- Born: Oskar Leenart Schelbach June 18, 1906 Rakvere, Estonia
- Died: June 14, 1978 (aged 71) New York City
- Resting place: Woodlawn Cemetery (Lakewood Township, New Jersey)
- Occupations: Actor, director, and puppeteer
- Spouse: Lo Tui

= Oskar Seliaru =

Estonian actor, director, and puppeteer (1906–1978)

Oskar Leenart Seliaru (born Oskar Leenart Schelbach; June 18, 1906 – June 14, 1978 New York) was an Estonian actor, director, and puppeteer.

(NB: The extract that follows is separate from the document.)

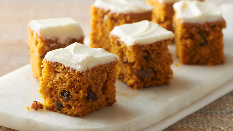 Preheat your oven to 350 degrees F and grease a 15×10 baking pan. In a small bowl, sift together the flour, baking powder, cinnamon, nutmeg, salt, and baking soda. In a large mixing bowl, combine the eggs, sugar, oil, and pumpkin until mixed well. Gradually mix in the dry ingredients and mix well. Spread the batter into the baking dish and bake for 25-30 minutes or until a toothpick inserted into the center comes out clean. While the bars are in the oven, place the cream cheese and butter in a mixing bowl and cream together. Add in the powdered sugar, whipped cream, vanilla extract,

==Early life and education==
Oskar Seliaru was born in Rakvere, Estonia, the son of Jüri Schelbach (later Seliaru, 1875–1944) and Marie Schelbach (later Seliaru, née Vilu, 1875–?). He attended at Rakvere High School, and he participated in the Estonian War of Independence as a schoolboy. In his youth he was also engaged in journalism and was an athlete (shooting and equestrianism).

==Career==
Seliaru started performing on the stage in 1926 in the Rakvere Actors' Circle, and he was an actor at the Drama Theater from 1936 to 1944, where he directed a puppet troupe and a was a puppet technician.

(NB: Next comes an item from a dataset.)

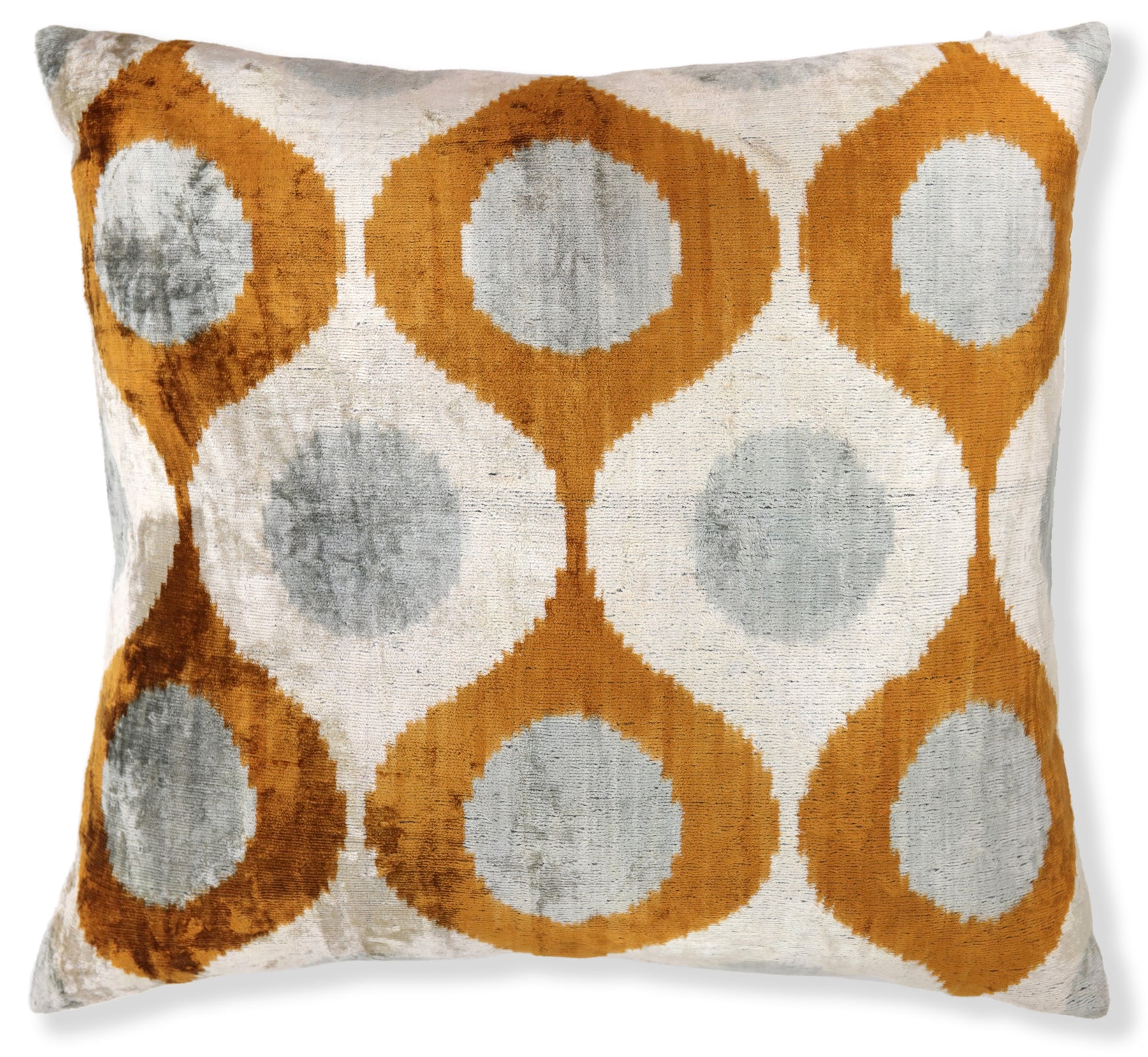 Striking in both simplicity and sophistication, this 20x20 inch (50x50 cm) silk velvet pillow showcases a rhythmic geometric design of circular gray forms enclosed in amber teardrop outlines, all floating on a soft ivory background. Its calm yet warm palette makes it ideal for transitional, modern, or retro-inspired interiors.

In 1944, he fled to Germany. He founded the puppet troupe Sel's Marionettes (Seli marionetid) there, and he performed from 1945 to 1950 with his own puppet plays, including See oli unenägu (It Was a Dream) and Seitse ühe hoobiga (Seven in One Blow). He relocated to New York in 1950 and directed and acted at the New York Estonian Theater.

==Productions==
- 1943: Pöialpoiss (The Dwarf) by Anna Brigadere
- 1944: Haldjas Kastetilk (The Fairy Dewdrop) by Lo Tui
- 1952: Mees merelt (The Man from the Sea) by August Mälk
- 1955: Püve talus (At the Püve Farm) by August Kitzberg
- 1960: Mikumärdi by Hugo Raudsepp
- 1963: Oskar Lutsu õhtu (An Evening of Oskar Luts)

==Roles==
- 1936: Tölpa in Nukitsamees (Bumpy) by Oskar Luts
- 1937: The Wolf in Pauka by Aadu Laabus
- 1938: Erik Sture in Erik XIV by August Strindberg
- 1940: Napoleon in Bóg wojny (The God of War, Estonian title: Tseesar ja inimene) by Adolf Nowaczyński
- 1942: Baron Lövenborg in Gösta Berling's Saga by Selma Lagerlöf
- 1952: Kapral in Tagahoovis (In the Back Yard) by Oskar Luts, adapted by Andres Särev
- 1952: Laas Räimes in Mees merelt (The Man from the Sea) by August Mälk
- 1960: Jüri Tomusk in Mikumärdi by Hugo Raudsepp

==Family==
Seliaru became engaged to the Estonian actress, director, and costume designer Lo Tui in February 1937, and they were married in Tallinn on May 1, 1937. Oskar Seliaru erroneously sought to have Lo Tui declared legally dead in 1951 because he believed that she had been killed during the Soviet re-occupation of the Baltic states in 1944.